WHAT YOU SHOULD DO:
Would you please return the lines of the entries below starting at the line that has "От бомбежки спряталась" and ending at the line that has "左侧展示的是云机投屏画面及云", both included, exactly as they are?

*** EXERCISE INPUTS ***

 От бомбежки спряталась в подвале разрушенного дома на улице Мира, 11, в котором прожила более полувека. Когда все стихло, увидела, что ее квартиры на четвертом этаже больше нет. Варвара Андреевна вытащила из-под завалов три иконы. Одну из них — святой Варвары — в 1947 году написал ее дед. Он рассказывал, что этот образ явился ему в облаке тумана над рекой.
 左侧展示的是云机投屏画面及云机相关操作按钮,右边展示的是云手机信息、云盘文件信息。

*** End of EXERCISE INPUTS ***
*** EXERCISE INPUTS ***

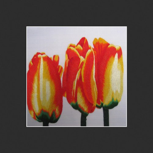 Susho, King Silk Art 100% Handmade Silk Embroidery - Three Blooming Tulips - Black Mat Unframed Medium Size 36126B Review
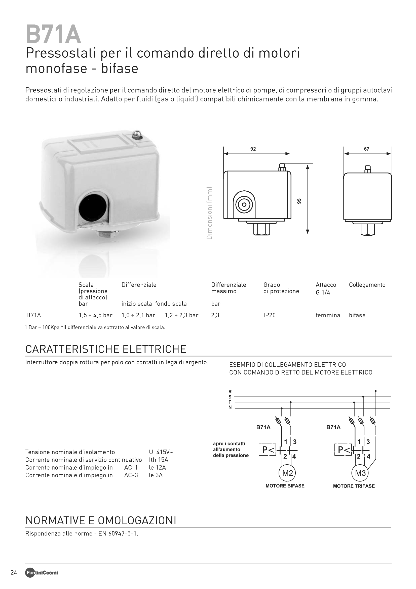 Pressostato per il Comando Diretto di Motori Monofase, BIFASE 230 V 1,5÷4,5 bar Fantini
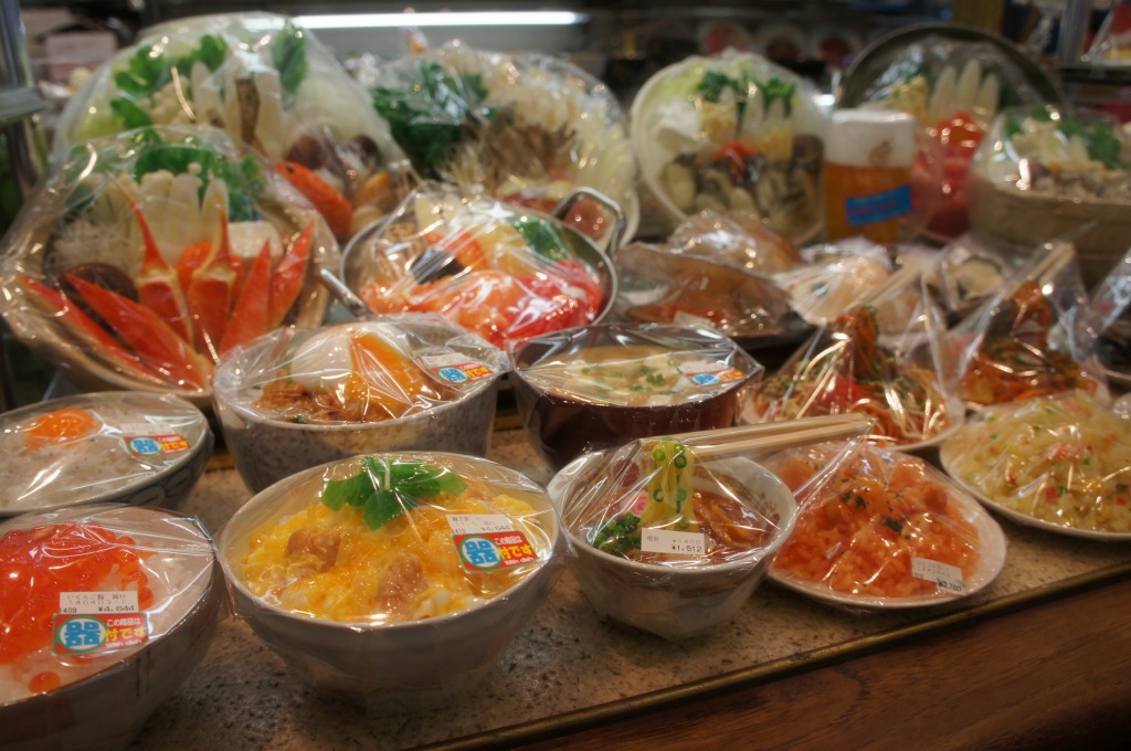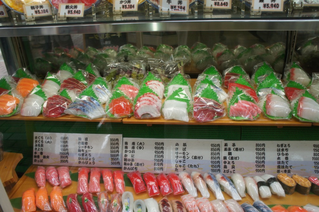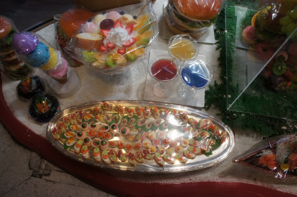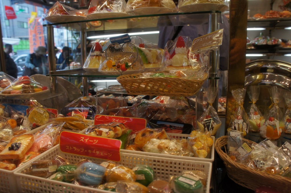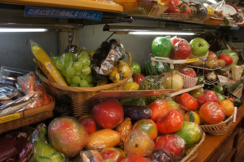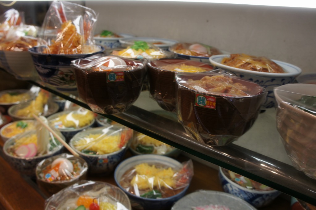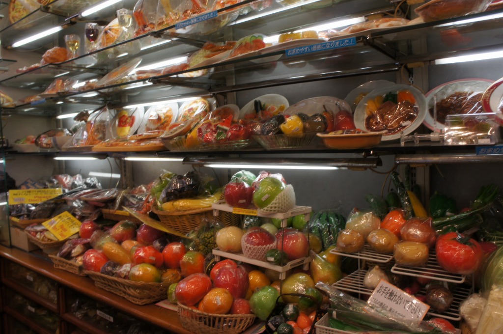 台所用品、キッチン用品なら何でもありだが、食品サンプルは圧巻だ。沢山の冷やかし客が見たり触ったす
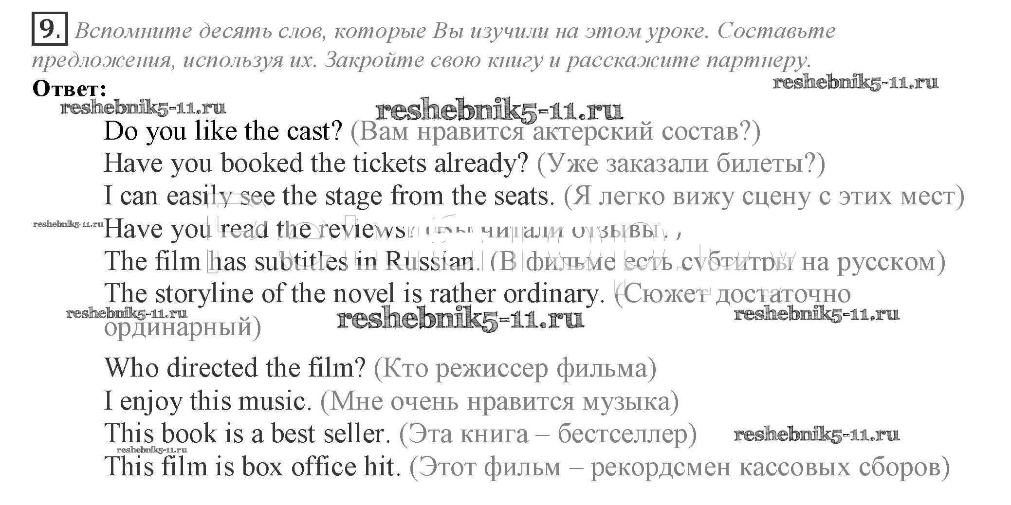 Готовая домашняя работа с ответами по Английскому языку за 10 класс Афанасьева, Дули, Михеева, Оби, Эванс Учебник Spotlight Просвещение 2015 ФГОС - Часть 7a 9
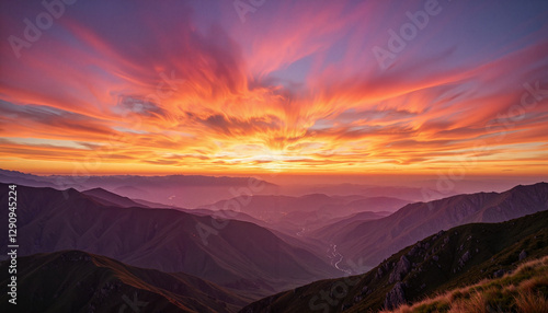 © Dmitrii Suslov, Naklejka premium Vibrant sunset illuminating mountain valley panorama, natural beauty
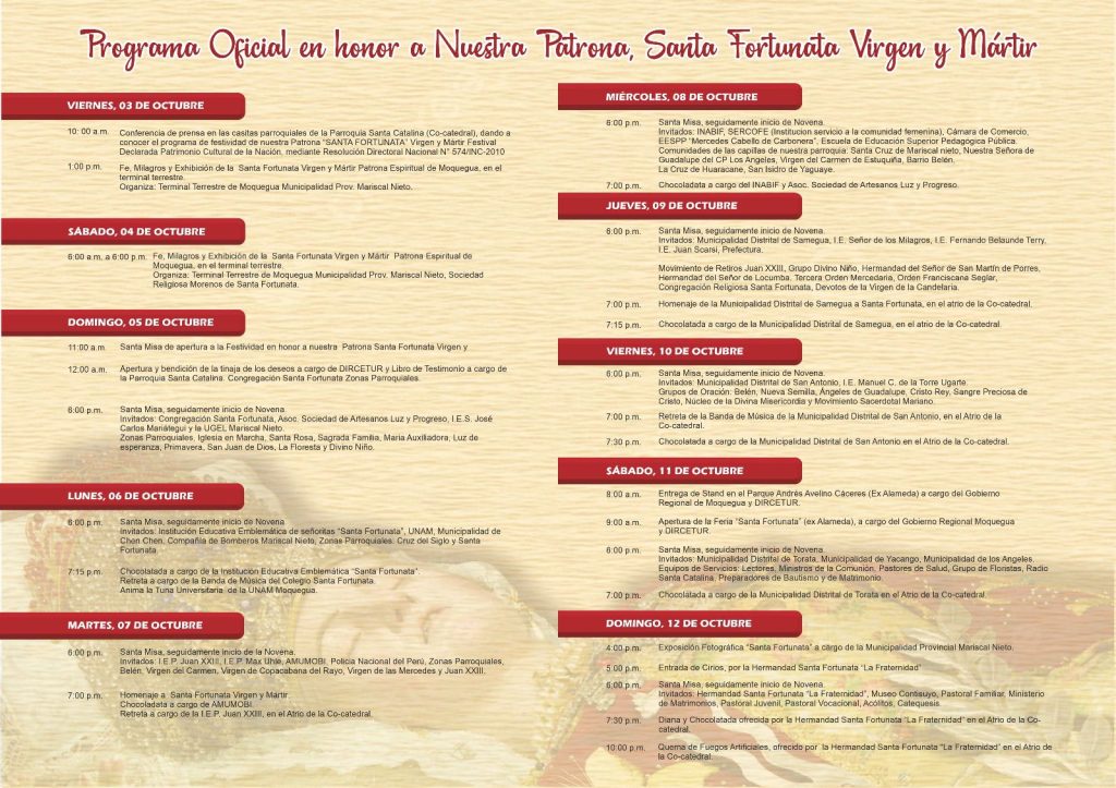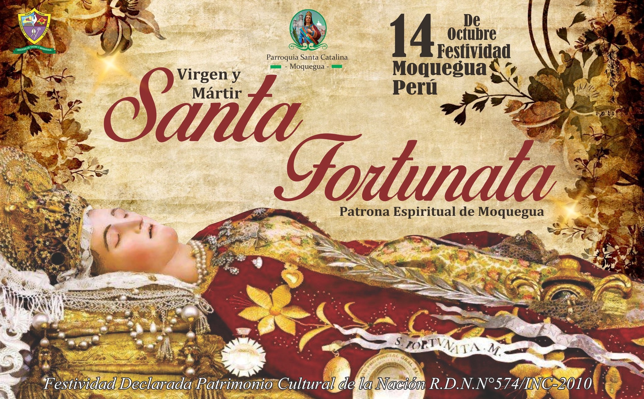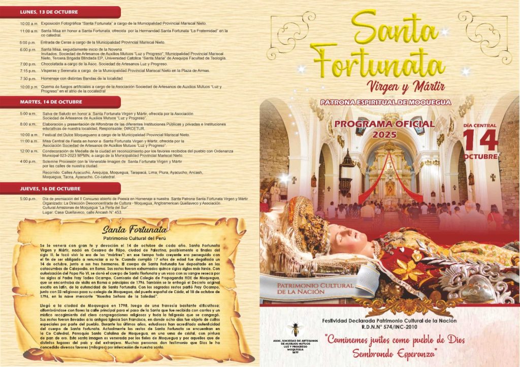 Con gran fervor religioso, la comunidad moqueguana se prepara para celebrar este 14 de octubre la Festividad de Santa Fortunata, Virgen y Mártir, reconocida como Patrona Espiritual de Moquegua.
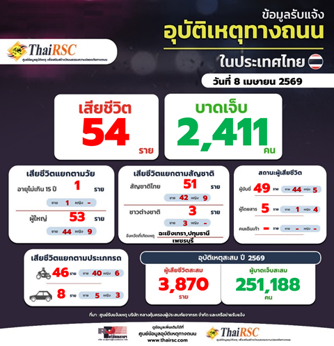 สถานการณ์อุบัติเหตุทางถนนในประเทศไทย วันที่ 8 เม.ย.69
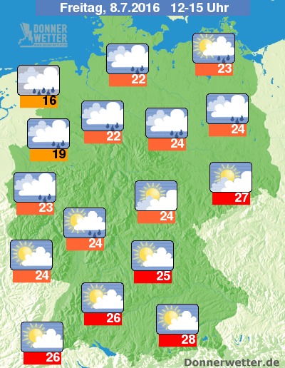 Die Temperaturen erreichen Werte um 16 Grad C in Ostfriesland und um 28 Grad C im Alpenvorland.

*** End of EXERCISE INPUTS ***

RESPONSE BELOW:
 От бомбежки спряталась в подвале разрушенного дома на улице Мира, 11, в котором прожила более полувека. Когда все стихло, увидела, что ее квартиры на четвертом этаже больше нет. Варвара Андреевна вытащила из-под завалов три иконы. Одну из них — святой Варвары — в 1947 году написал ее дед. Он рассказывал, что этот образ явился ему в облаке тумана над рекой.
 左侧展示的是云机投屏画面及云机相关操作按钮,右边展示的是云手机信息、云盘文件信息。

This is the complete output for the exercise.